---------- Records for this task ----------
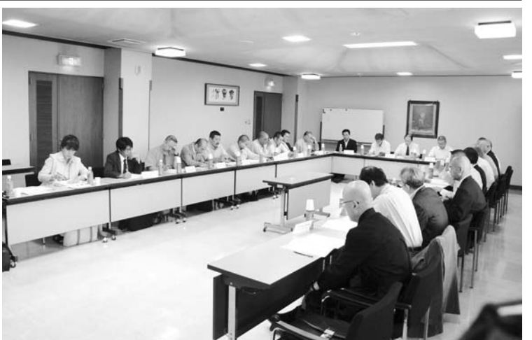
発足から間もなく30年、現在は64教団が加盟

ただ課題もないわけではない。例えば、現在は加盟教団が64教団であるが、以前とはあまり変わらず、今後どのように参加教団を増やしていくかもその一つ。
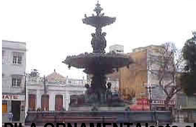
LA PILA ORNAMENTAL Esta obra escultórica tiene 6 metros de altura estuvo a cargo del Francés
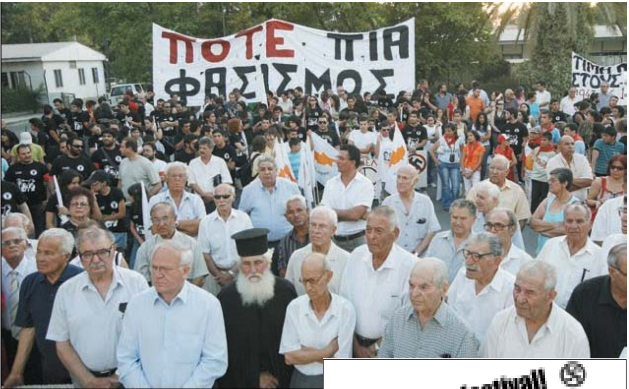
Φωτό πάνω: απο την εκδήλωση που οργάνωσε η ΕΔΟΝ με την ευκαιρία της κατάταξης των εθελοντών του ΑΚΕΛ στον Αγγλικό στρατό στον Β'ΠΠ.
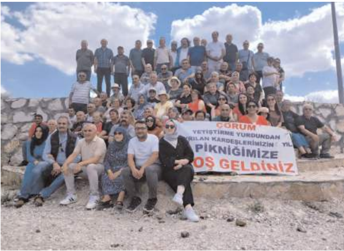
Programın sonunda toplu hatıra fotoğrafı çekildi.
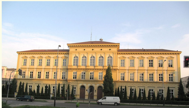
Gymnázium Jakuby Škody v Přerově
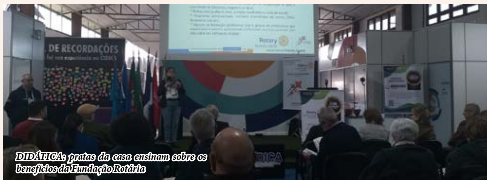
DIDÁTICA: pratas da casa ensinam sobre os benefícios da Fundação Rotária
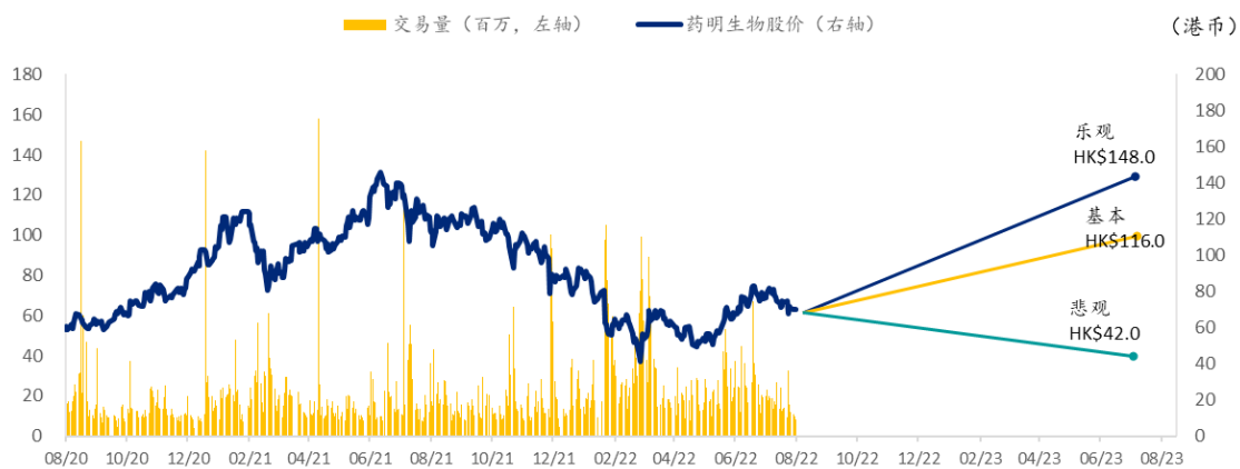
图表 7: 药明生物 SPDBI 情景假设
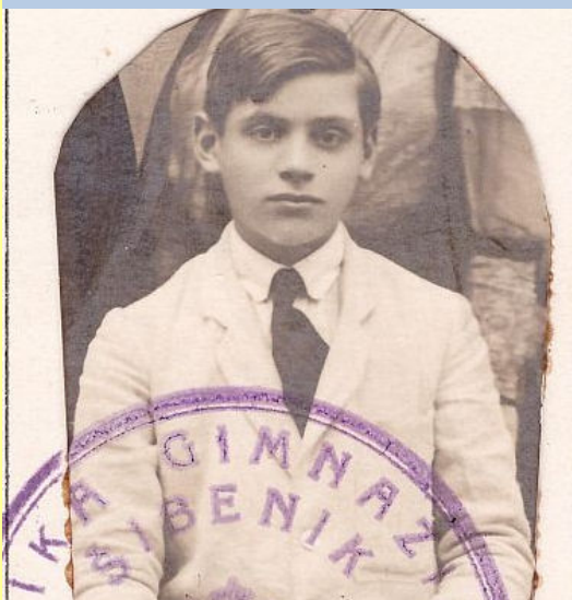
Vladan Desnica, učenik šibenske gimnazije 1921./1922. – 1923./1924.

Na „Desničini susretima 2013.“ uvedeno je nekoliko programskih inovacija, uključujući i izložbu posvećenu Vladanu Desnici, održanu u Gradskoj knjižnici Zadar od 18. do 28. rujna 2013. Izložbu su činile četiri cjeline: 1) Zadrani Vladan Desnica; 2) Islamljanin Vladan Desnica; 3) Kula Jankovića u Islamu Grčkom: vitalnost baštine i 4) „Desničini susreti“: jučer, danas i sutra ( Panoi 9 – 16 ).
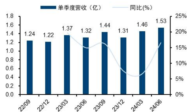
图2：百普赛斯单季营业收入及增速（单位：亿元、%）
----------
## Your assignment
Repeat exactly the lines from the first line of the records above through the line containing "Gymnázium Jakuby Škody v Přerově", leaving out the pictures.

## Solution for this task
発足から間もなく30年、現在は64教団が加盟

ただ課題もないわけではない。例えば、現在は加盟教団が64教団であるが、以前とはあまり変わらず、今後どのように参加教団を増やしていくかもその一つ。
LA PILA ORNAMENTAL Esta obra escultórica tiene 6 metros de altura estuvo a cargo del Francés
Φωτό πάνω: απο την εκδήλωση που οργάνωσε η ΕΔΟΝ με την ευκαιρία της κατάταξης των εθελοντών του ΑΚΕΛ στον Αγγλικό στρατό στον Β'ΠΠ.
Programın sonunda toplu hatıra fotoğrafı çekildi.
Gymnázium Jakuby Škody v Přerově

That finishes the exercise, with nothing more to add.